Thanks to Charter House for introducing the annual ‘Night of Laughs and Music’ series, comedy has now become a lucrative venture in Ghana.
It has become big business in this country, such that the show put up twice yearly by Charter House in July and December is a highly anticipated event.
Granted that they are great shows, all the same, the comedy events have become a platform for foreigners notably Nigerian comedians who do not only make money but also keep their Ghanaian counterparts at bay by their constant presence. This leads one to question if there are no comedians in Ghana at all?
For many years, people have wondered whether the Ghanaian comedy scene was dying. Are there comedians in Ghana at all? I have not been able to answer the question outright because who is a comedian if he or she cannot make you laugh?
According to Wikipedia, “a comedian is a person who seeks to entertain an audience primarily to make them laugh. This might be through jokes or amusing situations, or acting a fool, as in slapstick, or employing prop comedy.”
Per that definition, then there are no comedians in Ghana as the handful who parade themselves as such can hardly make anybody laugh let alone talk about entertaining about 2,000 patrons in bigger and spacious fora such as the Accra International Conference Centre.
This write-up was triggered following a piece a friend posted on his Facebook page venting his spleen on event organisers for constantly making use of only one Ghanaian comedian during events when the country could boast of several comedians.
The comment posted: “In Ghana we have more than 5 comedians but some events people use only one and bring in imported (people): why won't there be backbiting in the industry .... : Just don't make sense.”
Funny Face is one comedian who is used consistently and word on the streets say he’s been overused to the annoyance of other comedians.
Obviously, the post was directed at him as he’s been the only comedian who is favoured and used more often in comedy shows and other events including product launches, television, and radio commercials among others.
But there are comedians like DKB, David Oscar, Nhyiraba Foster, David Aglah and others who are not being used under the pretext that they are ‘not funny’ at all. If they are not funny and therefore not being used, why the noise? Shouldn’t a comedian be funny?
Aside Funny Face, other comedians who have been on the comedy scene have not impressed. I can understand why Ghanaians will scream for home grown comedians to be given the opportunity, but then we should not forget that, comedy is business not a show of patriotism whereby people are given opportunities because they are Ghanaian comedians.
It is true that some Nigerian comedians repeat and recycle jokes whenever they come for an event. But, it will be entirely hypocritical so say that they do not amuse the patrons because the jokes have been recycled.
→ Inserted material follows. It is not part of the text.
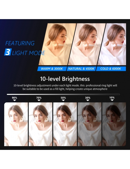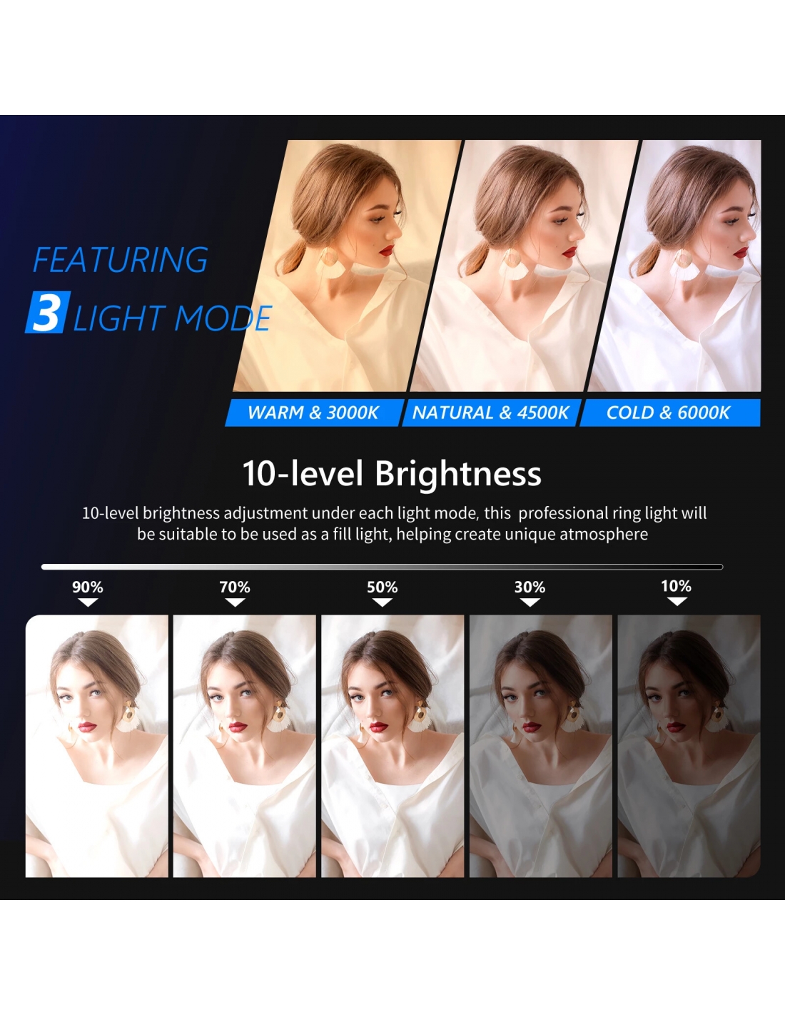 6-inch Dimmerabile Anello di Luce: dotato di 48pcs perle di luce con lunga durata di vita; progettato con 3 modalità di illuminazione (Luce Fredda, Modalità di Modalità di Luce Mista, e Modalità di Luce Calda) E 10 regolabile luminosità in ogni modalità di luce per la vostra scelta con la linea interruttore di controllare facilmente. Nessuna luce intermittente, abbagliante, e abbagliamento, fornendo ombre e anche di illuminazione, rendere il vostro viso più stereoscopica e i dettagli del prodotto più chiara. La testa della lampada può ruotare di 360 ° a sinistra e destra, e di vibrazione 180 ° avanti e indietro
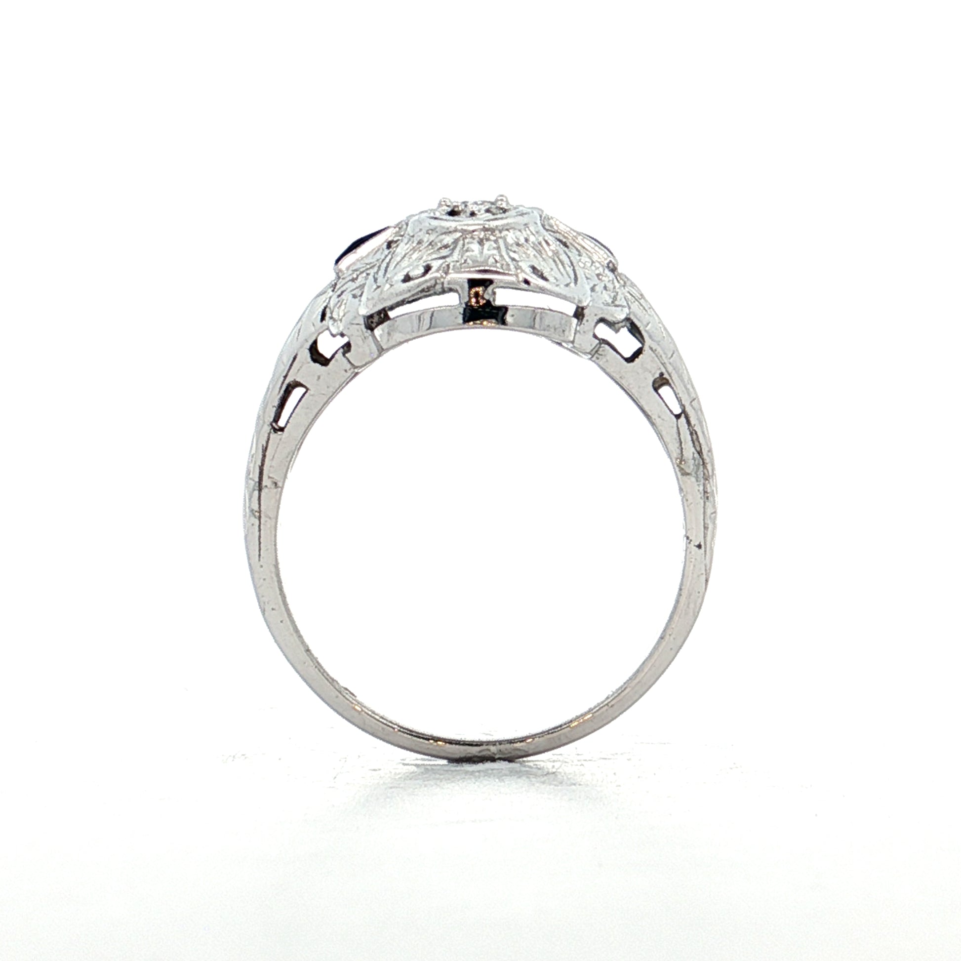 This Art Deco navette cocktail ring is made of 18 karat white gold with intricate filigree engravings throughout. Three round brilliant cut diamonds totaling .18 carats are set down the center in a square and heart-shaped design. Two triangle-cut blue sapphires weighing .07 carats each are set on either side of the diamonds. One sapphire shows abrasion from age and the ring is sold as-is.

They deliver the old jokes and still make you laugh like you were hearing it for the first time. That’s the edge they have over the Ghanaian comedian.
As I read comments about comedians who complain that they are not given the chance to show what they have got up their sleeves and also defend their status, I wondered why they do not channel the same level of enthusiasm into hard work and invest time and resources to come up with new materials and improve on their brand.
Unless there is drastic change, no serious event organiser will use the Ghanaian comedian. Don’t just sit there and say you are good when you are not.
Comedy shows like other shows are put up to generate revenue, they are not organised as show of patriotism.